One of the most painful open secrets in education is that underachievement is by far highest amongst working class white boys…and it starts at a young age. The current term ‘white male privilege’ should be revised to ‘white male of-the-ruling-classes privilege’ because it certainly does not include the rest. Recently, it was reported that race hate crimes against Muslims were now at a level 3x higher than last year and the most likely perpetrators were white teenagers. A lot of the reasons for this underachievement and bad behaviour are socially and culturally based; yet no one speaks about this as it doesn’t fit the political agenda of the day. The result is a perpetuation of a culture that can neither articulate its needs nor organise itself sufficiently; a culture that will find it difficult to produce an effective leader, one that can spearhead the drive to rebuild a nation, particularly a nation isolated from its neighbours.
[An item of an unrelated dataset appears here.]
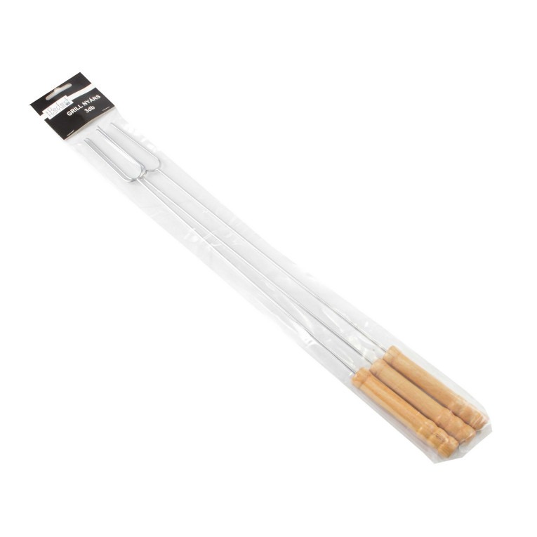 Ustensile pentru barbecue, grill, gratar, furculite lungi, maner lemn, set 3 buc, 48 cm, Perfect Home

These skills are vital if the working class intends to contend with the ruling elite in London… and in Brussels.
And as for the middle classes…well, we now exist only in name. Many have long relinquished any combination of bi-annual foreign holidays, two cars, school fees, nannies and cleaners.
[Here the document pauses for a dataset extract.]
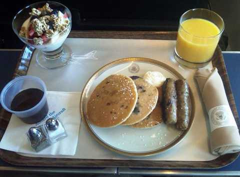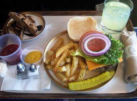 | Các bữa ăn trên Không lực Một đều rất thịnh soạn và giàu calo. Đối với các phụ tá Tổng thống, thành viên phi hành đoàn, các mật vụ và nhân viên truyền thông, một bữa ăn trên máy bay của Tổng thống cũng đủ năng lượng cho cả ngày. Ảnh: Một bữa ăn nhẹ với xúc xích, bánh rán và nước ép hoa quả. |
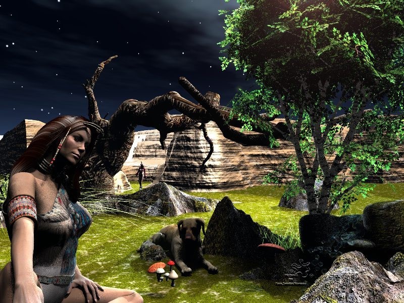 Angesichts des Nachthimmels stellt sich die Frage, wo das helle Licht herkommt. Persönlich würde mir es besser gefallen, wenn vor der Lady noch ein wenig Lagerfeuer zu sehen wäre (nur die Flammenspitzen!) und das Licht mit einem etwas schwächern, gelblichen Radiallicht von dort kommen würde. (Dann würde man auch mehr vom Hund erkennen ;))

‘Let’s do what we do best’
With events unfolding as they are, the actual reasons why many of us voted to leave or remain are rapidly becoming redundant. We now find out that the results of the referendum themselves are not binding. Someone needs to invoke Article 50 of the EU Lisbon Treaty, a law that outlines the steps to take should a member state wish to leave the union. Who that someone is, we don’t know as we don’t have a leader. Our recently departed Mr Cameron says we won’t trigger the process yet. Mr Johnson wants informal talks before we start proceedings. The EU response to Mr Johnson: ‘the computer says no’. And Nigel Farage continues to offend, and gloat, here and in Brussels.
So far the single most important result of the referendum has been to give our current social and political structure a badly needed shake-up, forcing us to come to the table to start our 12-step programme to rehabilitation. The first step is in acknowledging the facts and confessing: ‘Hi my name is Britain and I am no longer Great’. Our Britain is indeed no longer great, not in the way that it used to be, nor is it great in the way it needs to be to function alone. The way the world is evolving won’t allow for this parochial and insular mind-set.
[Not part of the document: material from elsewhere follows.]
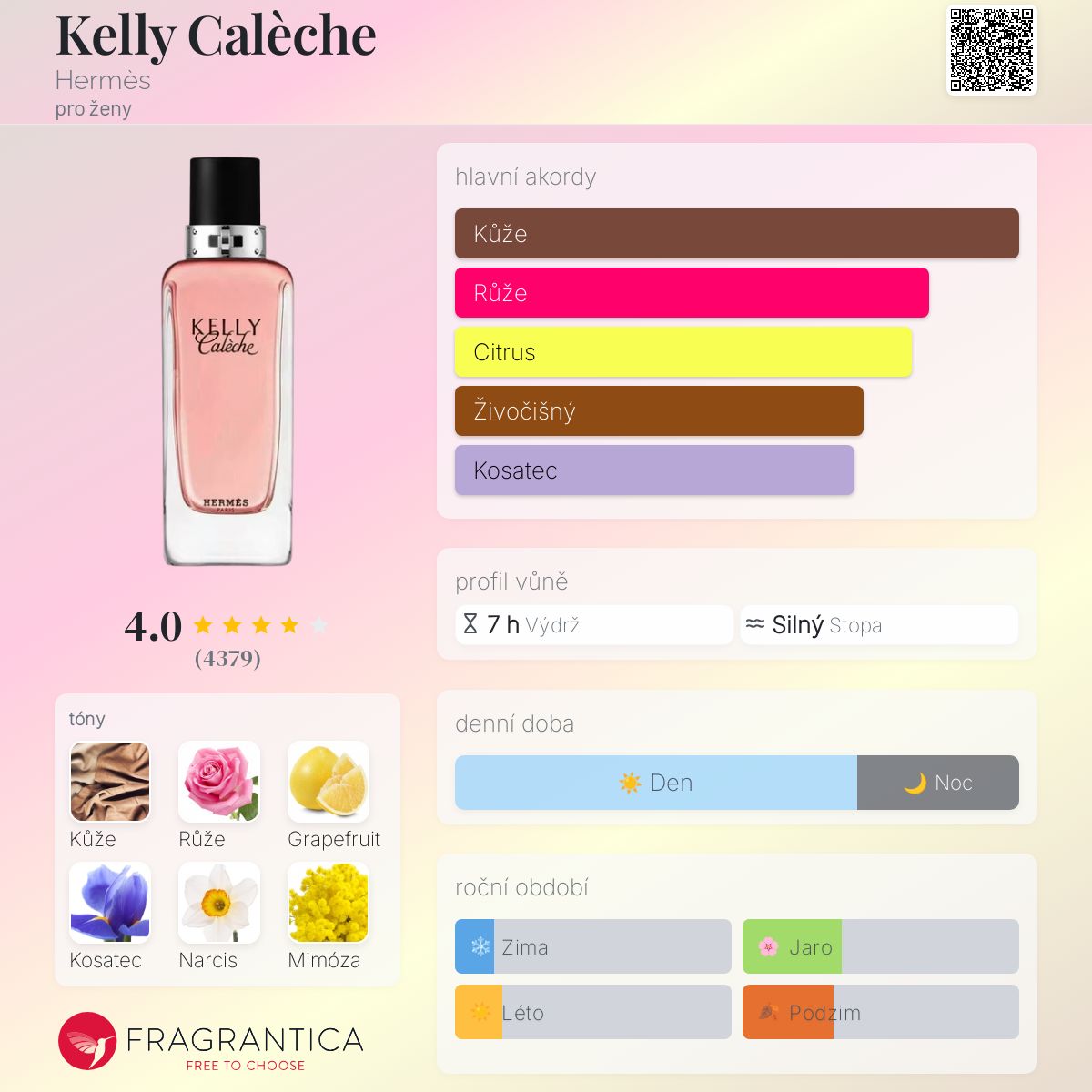Kelly Calèche podle Hermès je Floral Woody Musk vůně pro ženy. Kelly Calèche byl/a uveden/a v roce 2007. "Nosem" za touto vůní je Jean-Claude Ellena. Vrchní tóny jsou Grapefruit, Narcis a Konvalinka; střední tóny jsouRůže, Mimóza a Tuberóza ; základní tóny jsou Kůže a Kosatec. Tento parfém je vítězem oceněníFiFi Award Best National Advertising Campaign / Print 2008 .

Whichever way we voted, we all took a risk, and the thing about taking risks is that you don’t really know what you’re going to get. A change is something we all wanted, we didn’t know how we would get it, but to get that change, we absolutely had to go out on a limb. As the MP Sir Eric Pickles said on the day of the referendum results, ‘I’m sad and dismayed, but that’s democracy. Now we need to get on with it.’
And as Brits, that’s something we are still very good at it – getting on with it and making the very best of a bad turn of events.